Mini Review - Interventional Cardiology (2023) Volume 15, Issue 3

The impact of sleep-disordered breathing on the effectiveness of cardiac resynchronization therapy

Corresponding Author:
Loboda D
Department of Electrocardiology, Upper-Silesian Medical Centre, Katowice, Poland

Received date: 14-Mar-2023, Manuscript No. FMIC-23-91550; Editor assigned: 17-Mar-2023, PreQC No. FMIC-23-91550 (PQ); Reviewed date: 03-Apr-2023, QC No. FMIC-23-91550; Revised date: 10-Apr-2023, Manuscript No. FMIC-23-91550 (R); Published date: 18-Apr-2023, DOI: 10.37532/1755- 5310.2023.15(3).706


Cardiac Resynchronization Therapy (CRT) offers survival benefits to patients with Heart Failure with Reduced Ejection Fraction (HFrEF) upon optimal medical treatment. It is ensured by Left Ventricular (LV) reverse remodeling with decreased LV systolic volume, improved LV ejection fraction, decreased mitral regurgitation severity, and reduced risk of life-threatening ventricular arrhythmias. However, in approximately 30% of patients, CRT does not have the expected hemodynamic or clinical effect. For some patients, this is because of the unfavorable influence of comorbidities. The review highlights one comorbidity that may interfere with CRT’s beneficial effect: SleepDisordered Breathing (SDB). Central and obstructive sleep apnea is SDB subtypes found in nearly half of patients with HFrEF. SDB causes myocardial hypoxia and increases adrenergic activation and renin-angiotensin-aldosterone system activity. This may impair the volumetric response to CRT, inhibit the increase of the LV ejection fraction, and worsen long-term prognoses.


Cardiac resynchronization therapy; Congestive heart failure; Central sleep apnea; Obstructive sleep apnea; Sleep-disordered breathing


AHI: Apnea-Hypopnea Index; CRT: Cardiac Resynchronization Therapy; CSA: Central Sleep Apnea; HFrEF: Heart Failure with Reduced Ejection Fraction; LBBB: Left Bundle Branch Block; LV: Left Ventricle; LVEDV: Left Ventricular End Diastolic Volume; LVEF: Left Ventricular Ejection Fraction; LVESV: Left Ventricular End Systolic Volume; MADIT-CRT: Multicenter Automatic Defibrillator Implantation Trial with Cardiac Resynchronization Therapy study; 6M-FU: Six-Month Follow-Up; OSA: Obstructive Sleep Apnea; RAAS: Renin- Angiotensin-Aldosterone System; SDB: Sleep-Disordered Breathing


Cardiac Resynchronization Therapy (CRT) is an established, effective treatment for Heart Failure with Reduced Ejection Fraction (HFrEF) [1,2]. We have long known the factors in a good prognosis regarding CRT. The Multicenter Automatic Defibrillator Implantation Trial–Cardiac Resynchronization Therapy (MADIT-CRT) [2] found that age under 65, female gender, and non-ischemic etiology were associated with higher benefits from CRT. A positive response was more common in patients with Left Bundle Branch Block (LBBB), and the longer the baseline QRS complex duration was, the better resynchronization’s expected effect was [1,3].

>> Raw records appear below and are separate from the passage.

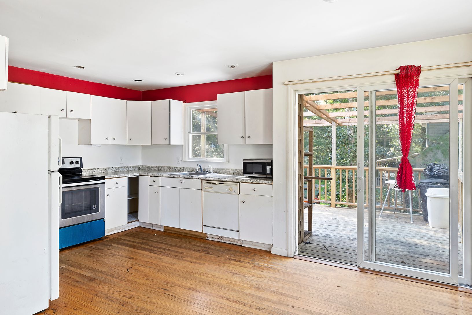 This home is being sold as is and is priced to sell. A four bedroom and two bath home with enormous potential. The first level features a large living room with fireplace, dining area which opens up to the back deck, large kitchen and two bedrooms that share one full bathroom. Upstairs there are two more bedrooms which share one full bathroom. Between the upstairs bedrooms there is a hallway closet for extra storage. The home also features a f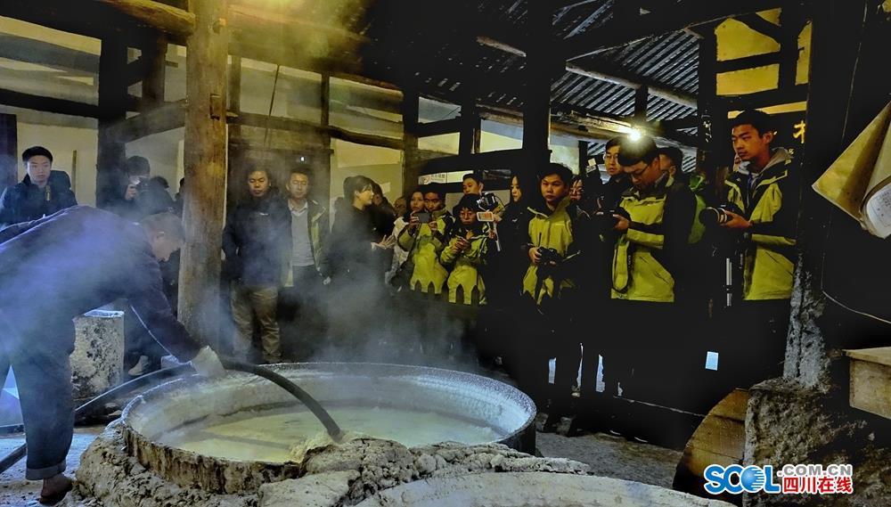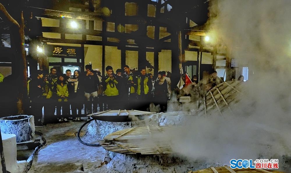 “千年鹽都”得源于自貢悠久的井鹽生產(chǎn)歷史,早在2000年以前,這里就以打井的方式抽取地下鹵水,通過汲鹵、輸鹵到用鐵鍋進行煎鹽,從而制作成成品鹽。燊海井坐落于自貢大安區(qū)阮家壩山下,開鑿于清代道光十五年(公元1835年),是當(dāng)時世界上第一口超千米(1001.42米)深鹽井,至今仍保留著用大鐵鍋土法熬制井鹽的千年傳統(tǒng)手工制鹽技藝。據(jù)介紹,燊海井現(xiàn)有八口圓鍋煎鹽,每日產(chǎn)量仍保持在兩噸左右。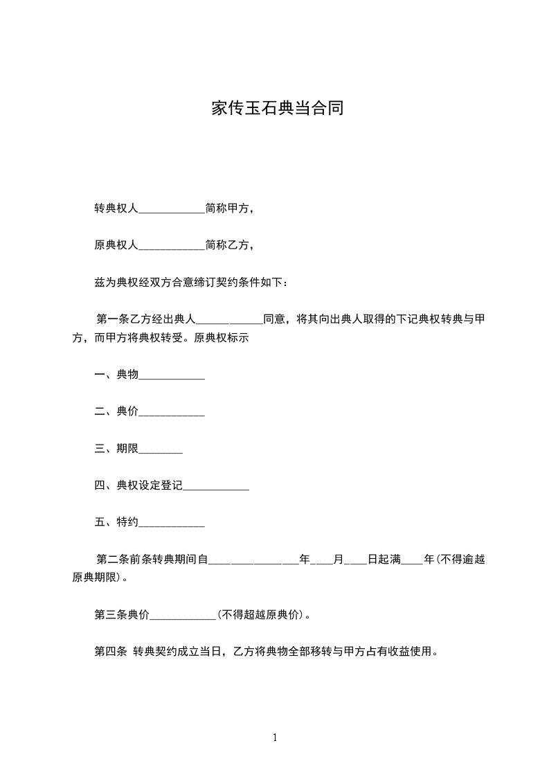 第一条 乙方经出典人 同意,将其向出典人取得的下记典权转典与甲方,而甲方将典权转受。原典权标示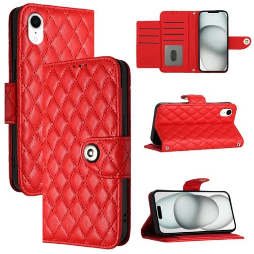 Funda para Teléfono iPhone Xr Cuero con Tapa Textura Rómbica y Cordón (Rojo)

Placing the Left Ventricular (LV) lead in the lateral or posterolateral region and avoiding the apical position are associated with increased positive responses to CRT [4,5]. Additionally, the LV lead’s location in the highest intraventricular delay area seems important [6,7]. So are the target area’s assessment and selection based on electrocardiographically detected abnormalities of intraventricular conduction, structural changes within the LV (fibrosis, scarring), and the heart veins’ anatomical condition [8]. However, in approximately 30% of patients, CRT does not produce the expected hemodynamic or clinical effect [9]. So, the reasons for CRT failure are still being sought.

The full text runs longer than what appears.